Hannah Hearth

UX for Configuration Schema

UX for developer tooling is the hot new thing for designers! We’re beginning to see great resources like these guidelines and principles for designing a good user experience in command line tools.

And I recently stumbled upon a Stack Overflow question that asks, “Are configuration files considered user interfaces?” My opinion: Yes.

I work on HashiCorp’s UX design team for Consul, a service networking solution, which is a configuration-heavy application. On the Consul team, designers and engineers partner to create experiences where users may need to write a configuration file and then run a command that processes that configuration into network infrastructure.

So, even before the user gets the CLI half of that experience, how do we design a good UX when it comes to the configuration file itself?

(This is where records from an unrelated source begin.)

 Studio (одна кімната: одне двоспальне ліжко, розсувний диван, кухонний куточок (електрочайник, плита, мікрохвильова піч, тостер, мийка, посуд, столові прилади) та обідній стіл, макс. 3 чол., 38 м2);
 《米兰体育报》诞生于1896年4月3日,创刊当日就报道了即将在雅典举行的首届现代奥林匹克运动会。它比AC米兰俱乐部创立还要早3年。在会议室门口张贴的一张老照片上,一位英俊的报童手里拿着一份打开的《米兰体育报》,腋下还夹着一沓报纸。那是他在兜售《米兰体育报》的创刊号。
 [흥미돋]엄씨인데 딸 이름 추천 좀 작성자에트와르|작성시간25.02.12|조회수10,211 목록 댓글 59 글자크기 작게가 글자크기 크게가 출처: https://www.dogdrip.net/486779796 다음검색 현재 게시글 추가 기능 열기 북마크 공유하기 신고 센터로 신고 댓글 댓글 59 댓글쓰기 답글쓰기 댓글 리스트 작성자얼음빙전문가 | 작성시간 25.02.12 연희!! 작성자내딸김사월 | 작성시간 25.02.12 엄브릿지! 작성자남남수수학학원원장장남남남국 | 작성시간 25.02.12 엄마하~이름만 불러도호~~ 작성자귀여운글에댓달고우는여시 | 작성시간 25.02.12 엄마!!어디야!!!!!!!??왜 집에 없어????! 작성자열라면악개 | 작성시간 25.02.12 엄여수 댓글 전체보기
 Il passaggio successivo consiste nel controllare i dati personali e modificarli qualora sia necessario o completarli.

UX Principles & Guidelines

To summarize, we should aim to design configuration experiences that:

  • Ease adoption
  • Reduce cognitive load
  • Reduce dependencies
  • Minimize error blast-radius
  • Deprecate gradually and gracefully

Ease adoption

Reduce any friction points in the user’s getting started experience. We can do that first by setting reasonable defaults on every property, so that the user doesn’t have to manually configure much or anything at all.

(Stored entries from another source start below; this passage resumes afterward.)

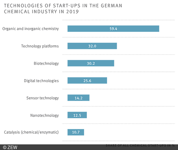 In their study, the researchers defined chemical start-ups as young companies that offer innovative products and services for the chemical industry on the basis of chemistry-specific knowhow or chemical technology. The firm-level data analysed in this study stems from the Mannheim Enterprise Panel of ZEW as well as from a list of chemical start-ups compiled by “Forum Startup Chemie”, an initiative to support start-up companies in the chemical industry. The researchers identified a total of 281 chemical start-ups that were active at the beginning of 2019. A central feature of these start-ups is their focus on innovation.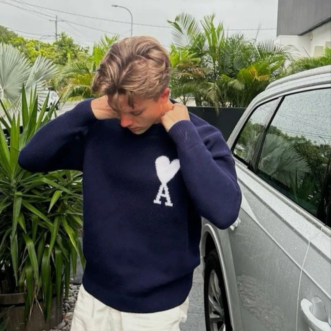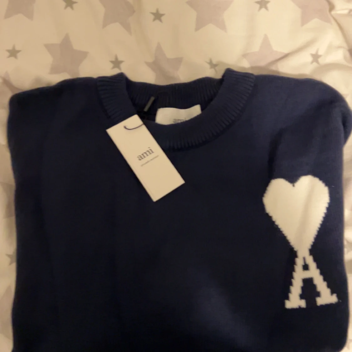 (Har bankutskrift) Säljer en snygg mörkblå tröja från Ami med ett vitt hjärta och bokstaven 'A' på bröstet. Tröjan har långa ärmar och en klassisk rund halsringning. Perfekt för en stilren look.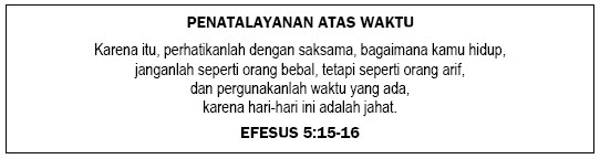 Karena itu, perhatikanlah dengan saksama, bagaimana kamu hidup, janganlah seperti orang bebal, tetapi seperti orang arif, dan pergunakanlah waktu yang ada, karena hari-hari ini adalah jahat. (EFESUS 5:15-16 )

A great example of this is the Consul Helm Chart, a massive configuration file that has literally hundreds of options. Infinite customizations are great for advanced users, but imagine if you had to make a decision about every single configuration property just to get started. Instead, users don’t need to know how it works or what they want at all. They can get started without setting a single property:

$ helm install consul hashicorp/consul --create-namespace -n consul

As the user grows in their understanding of the product and their own needs, they can customize the values in their file and use more advanced properties.

Another nice feature you can provide is the ability for the user to reset their file to the original defaults. This might allow users to quickly spin up demos to try out functionality and then restart from scratch.

We can also ease adoption by providing common examples. You may want to document a “production-ready” example alongside a simpler example that gets them to a working demo faster.

Reduce cognitive load

In other words, don’t make the user think too hard. We can reduce cognitive load by choosing descriptive, concise names for properties, and by being consistent about it, two things that are easier said than done. To learn more about naming things well, I’ll urge you to check out Kate Gregory’s talk.

In general, my mini research process for naming includes:

  • Market research for what this thing is typically called in our industry across blogs, open source, or social media, depending on the project
  • What do our competitor products call it in their API, CLI, or UI?
  • How do our company’s other product lines refer to something similar?
  • What is the long-term vision for this feature, so that even if it looks one way today, it’s flexible for future growth?
  • What “word type” am I looking for? (descriptive, common noun? passive adjective? There are more options here than you might realize at first)
  • Sticky notes board with synonyms, with a pros and cons list for each

Reduce dependencies

Will the value of one property impact how the user can configure another property? Or, even worse, will it impact a completely separate set of properties in other configuration files?

Unlike CLIs, APIs, and UIs, configuration files don’t have a call and response option. There’s no way to inform a user immediately that their action (changing a property value) has had an unexpected effect on the validity of the rest of their file or application. So, this means we need to reduce dependencies between properties.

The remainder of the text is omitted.